Low-dose lithium lowers involuntary motor movements in mouse model of Parkinson's disease

Low-dose lithium reduced involuntary motor movements - the troubling side effect of the medication most commonly used to treat Parkinson's disease (PD) - in a mouse model of the condition that is diagnosed in about 60,000 Americans each year. The third in a series of studies from the Andersen lab involving PD and low-dose lithium, the results add to mounting evidence that low-doses of the psychotropic drug could benefit patients suffering from the incurable, degenerative condition.

This study, published online in Brain Research, involved Parkinsonian mice that were given Carbidopa/Levodopa (sold as Sinemet®), a drug used to boost levels of the neurotransmitter dopamine, which is lost in PD. While the medication remains the single most effective agent in the management of PD symptoms, long-term use causes its own side effects, among them abnormal involuntary movements or AIMS. Buck professor and senior scientist Julie Andersen, PhD, says AIMS become problematic for 30 percent of patients after four to six years of treatment with Sinemet, with 90 percent of patients suffering from the complication after nine years of chronic use. "For patients these side effects are just as devastating as the freezing that is associated with PD." "In our mice we saw significant behavioral improvement."

In this study, Andersen and her team dosed the mice with an amount of lithium equivalent to about a quarter of what humans receive for the treatment of psychiatric diseases. Researchers found that lithium boosted the expression of tyrosine hydroxylase which increases dopamine synthesis via the inhibition of calpain-1, an enzyme that normally reduces dopamine synthesis.

In earlier studies, Andersen's team found that low-dose lithium was protective in two different mouse models of PD. Treatment in mice with a human mutation for PD began when the animals reached late middle-age, the human equivalent of about 60, which is the average age of onset of Parkinson's in humans. "We clearly saw a prevention of the motor difficulties we would expect to see in the animals," said Andersen. "The treatment also protected the area of the brain that is normally damaged by Parkinson's."

Plans for a clinical trial of low-dose lithium for PD patients are in early stages. "This study suggests potential therapeutic benefit in PD," said David K. Simon, MD, PhD, Associate Professor of Neurology at Harvard Medical School in Boston.

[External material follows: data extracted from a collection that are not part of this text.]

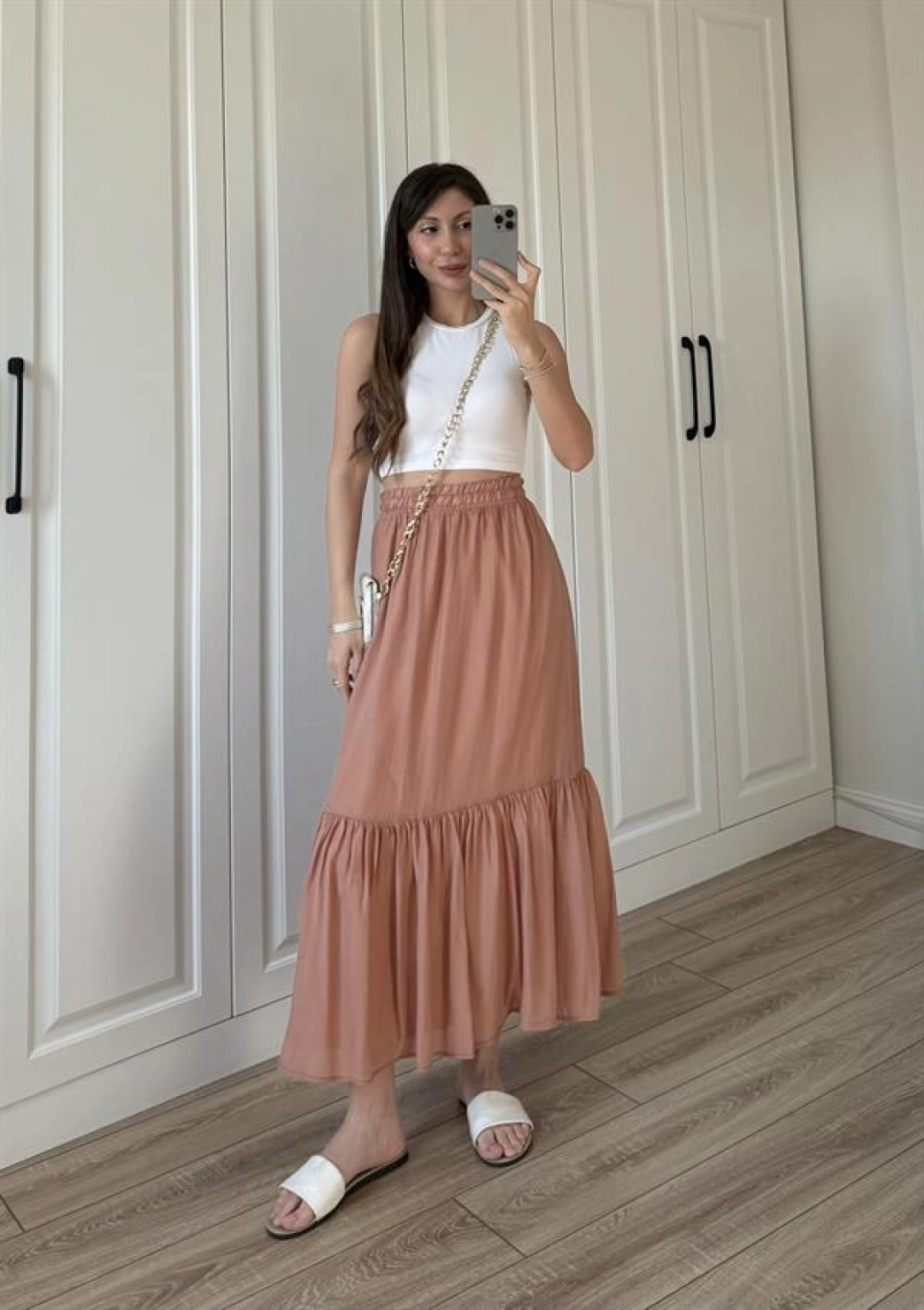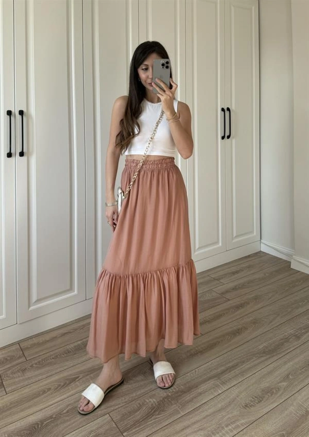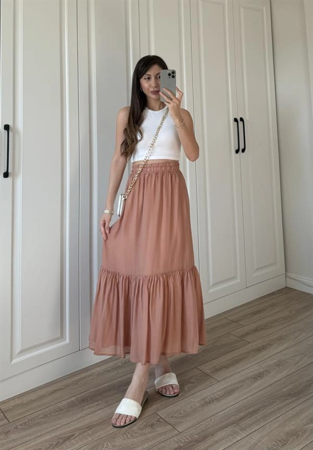 Beli Lastikli Tarçın Tensel Kırışık Etek
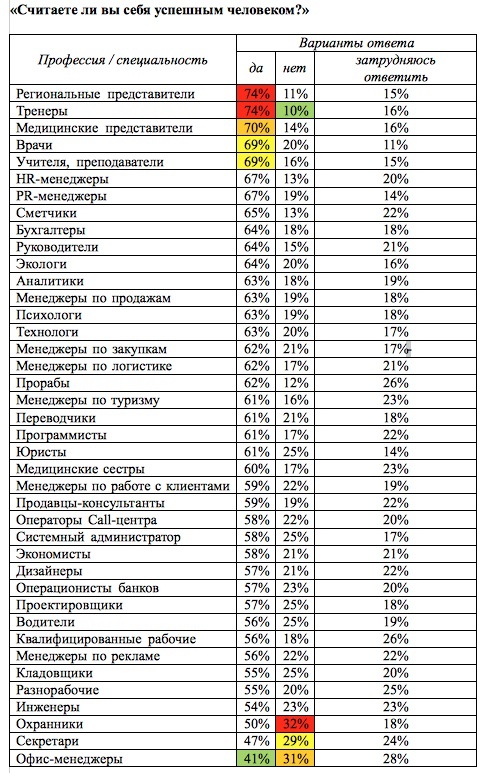 Чаще всего не считают себя успешными охранники (32%), офис-менеджеры и секретари (29%). Подробнее смотрите таблицу.
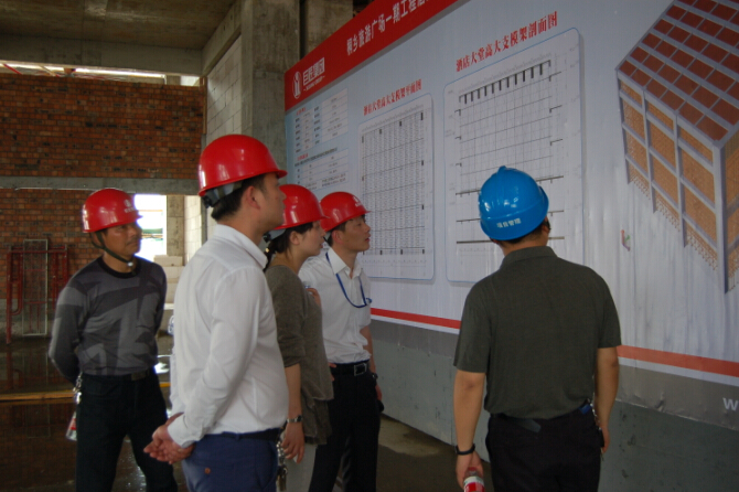 繼嘉興市建管局組織了各縣(市、區(qū))建筑行業(yè)主管部門負責人、建筑(市政)施工企業(yè)代表等對桐鄉(xiāng)旅游廣場一期工程進行現(xiàn)場觀摩后,集團內部觀摩活動也如火如荼地開展起來,集團下轄子公司、專業(yè)公司、中心、部門、各在建工程項目部先后組織人員進行現(xiàn)場觀摩。
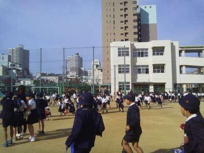 1次避難(机の下に入り身を守る)の次に2次避難で運動場に退避しました。

Simon chairs the Scientific Review Committee for the Parkinson's Study Group, a not-for-profit network of Parkinson's Centers. "One caveat is that other agents that have shown clear efficacy in this model of PD have subsequently failed to show benefit in clinical studies in PD (e.g. CoQ10, creatine, and pioglitazone). However, this study provides additional evidence on top of prior work from Dr. Andersen's lab and others that lithium may have therapeutic potential in PD, which is a hypothesis that should be tested in clinical trials," he said.

Lithium is a naturally occurring element, not a 'developed' molecule like most medications. It was approved by the FDA for the treatment of bipolar disorder in 1970 and has shown to be effective for treating mood disorders and suicidal thoughts. Previous studies suggest that at low doses lithium has a protective effect in other neurodegenerative diseases including Alzheimer's and Huntington's.